(Records from a dataset)
▬▬▬▬▬▬▬▬▬▬

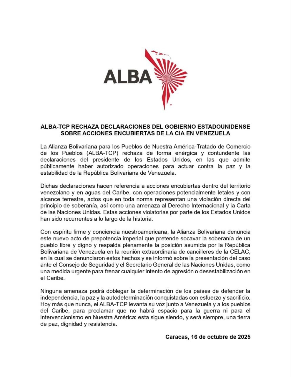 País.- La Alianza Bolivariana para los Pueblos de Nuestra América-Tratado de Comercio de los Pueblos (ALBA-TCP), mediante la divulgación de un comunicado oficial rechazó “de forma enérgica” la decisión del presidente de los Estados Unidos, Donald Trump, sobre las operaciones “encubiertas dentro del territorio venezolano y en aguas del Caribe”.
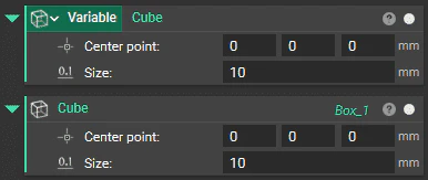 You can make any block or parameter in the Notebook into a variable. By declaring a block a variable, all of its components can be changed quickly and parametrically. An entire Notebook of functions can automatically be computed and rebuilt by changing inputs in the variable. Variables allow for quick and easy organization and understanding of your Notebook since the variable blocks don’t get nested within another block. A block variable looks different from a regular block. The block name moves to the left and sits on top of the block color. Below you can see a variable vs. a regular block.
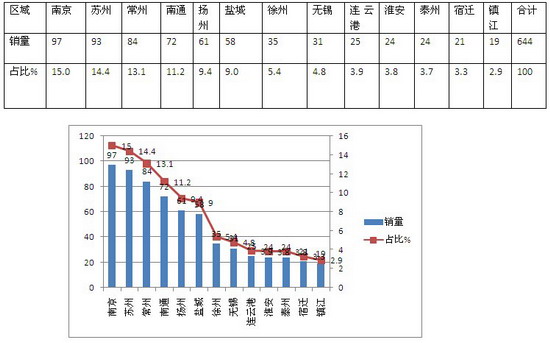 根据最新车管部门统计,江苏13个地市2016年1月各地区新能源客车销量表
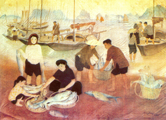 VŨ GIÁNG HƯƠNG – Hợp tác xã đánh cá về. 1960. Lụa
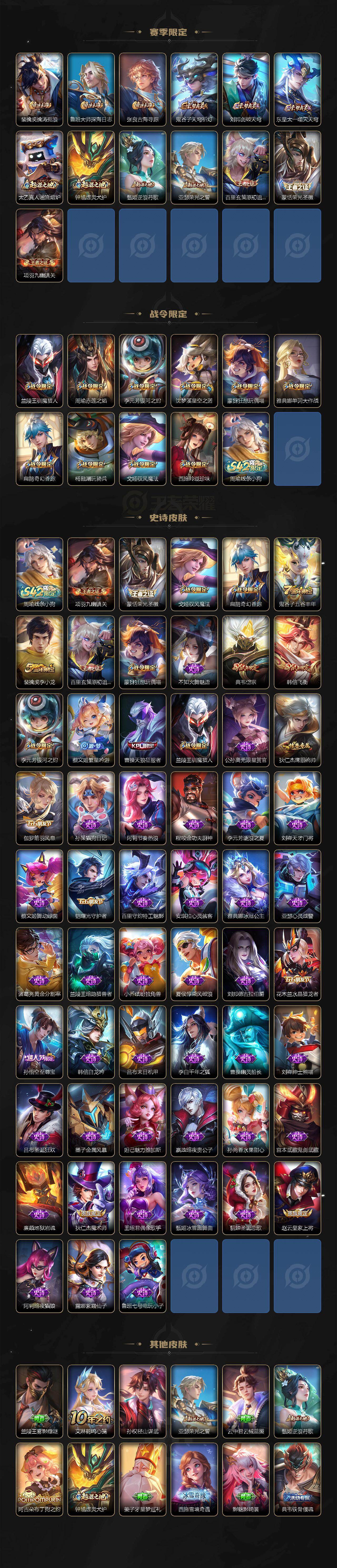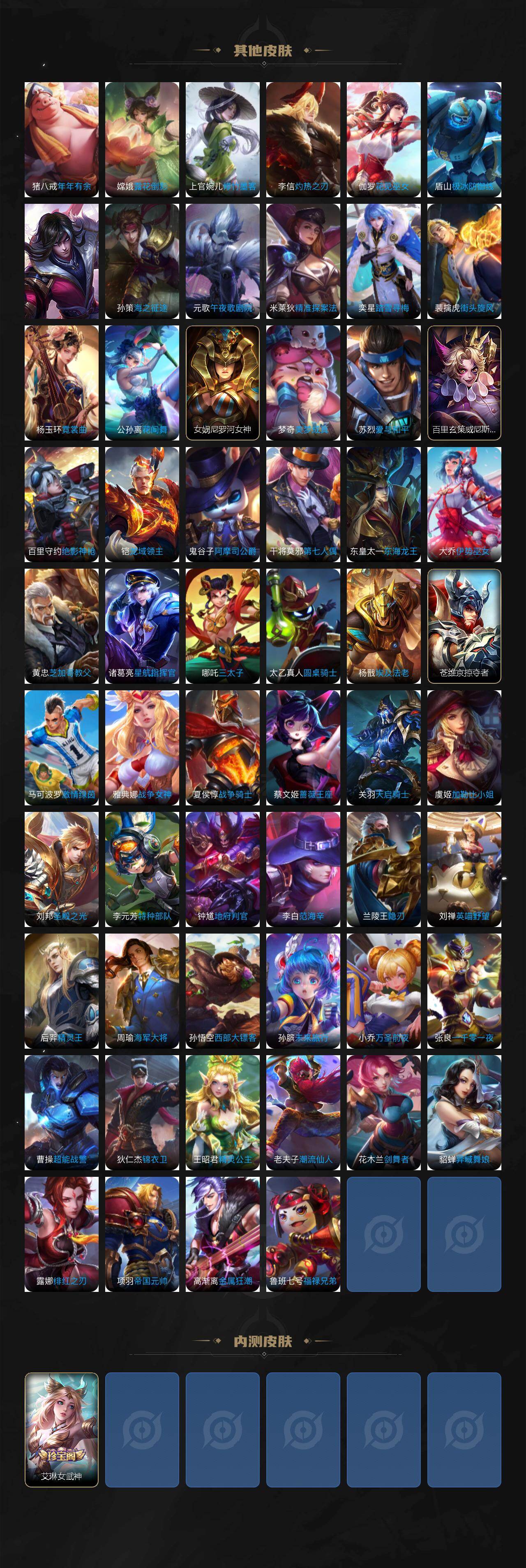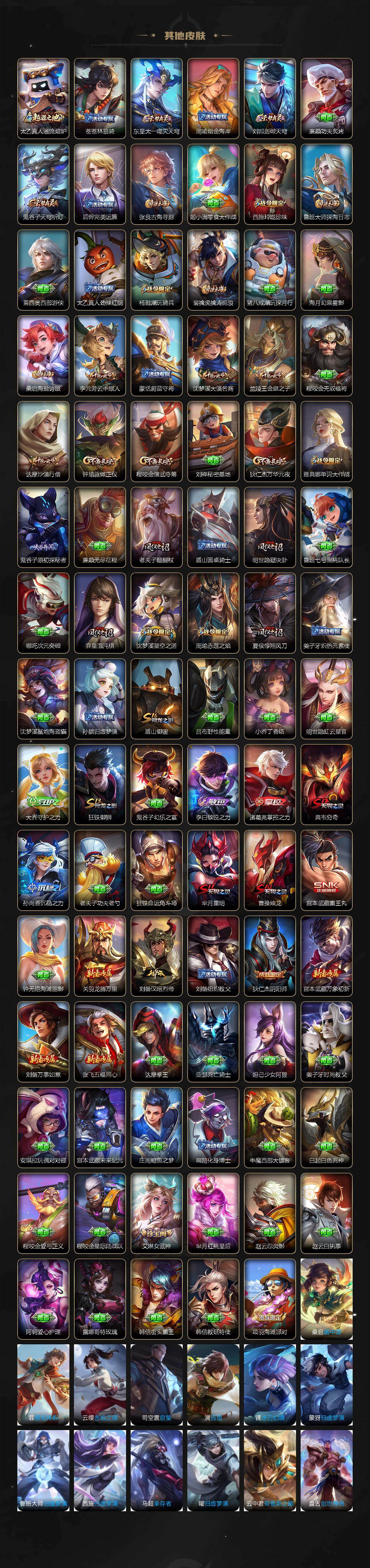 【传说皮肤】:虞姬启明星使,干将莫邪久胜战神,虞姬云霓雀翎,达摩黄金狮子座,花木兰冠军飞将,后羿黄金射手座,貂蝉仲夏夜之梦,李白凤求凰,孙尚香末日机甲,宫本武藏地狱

▬▬▬▬▬▬▬▬▬▬

* WORK REQUIRED *
Write out exactly, please, the lines that start at the one containing "You can make" and run through the final line of the entries, both included, leaving pictures out.

* ANSWER FOR THIS EXERCISE *
 You can make any block or parameter in the Notebook into a variable. By declaring a block a variable, all of its components can be changed quickly and parametrically. An entire Notebook of functions can automatically be computed and rebuilt by changing inputs in the variable. Variables allow for quick and easy organization and understanding of your Notebook since the variable blocks don’t get nested within another block. A block variable looks different from a regular block. The block name moves to the left and sits on top of the block color. Below you can see a variable vs. a regular block.
 根据最新车管部门统计,江苏13个地市2016年1月各地区新能源客车销量表
 VŨ GIÁNG HƯƠNG – Hợp tác xã đánh cá về. 1960. Lụa
 【传说皮肤】:虞姬启明星使,干将莫邪久胜战神,虞姬云霓雀翎,达摩黄金狮子座,花木兰冠军飞将,后羿黄金射手座,貂蝉仲夏夜之梦,李白凤求凰,孙尚香末日机甲,宫本武藏地狱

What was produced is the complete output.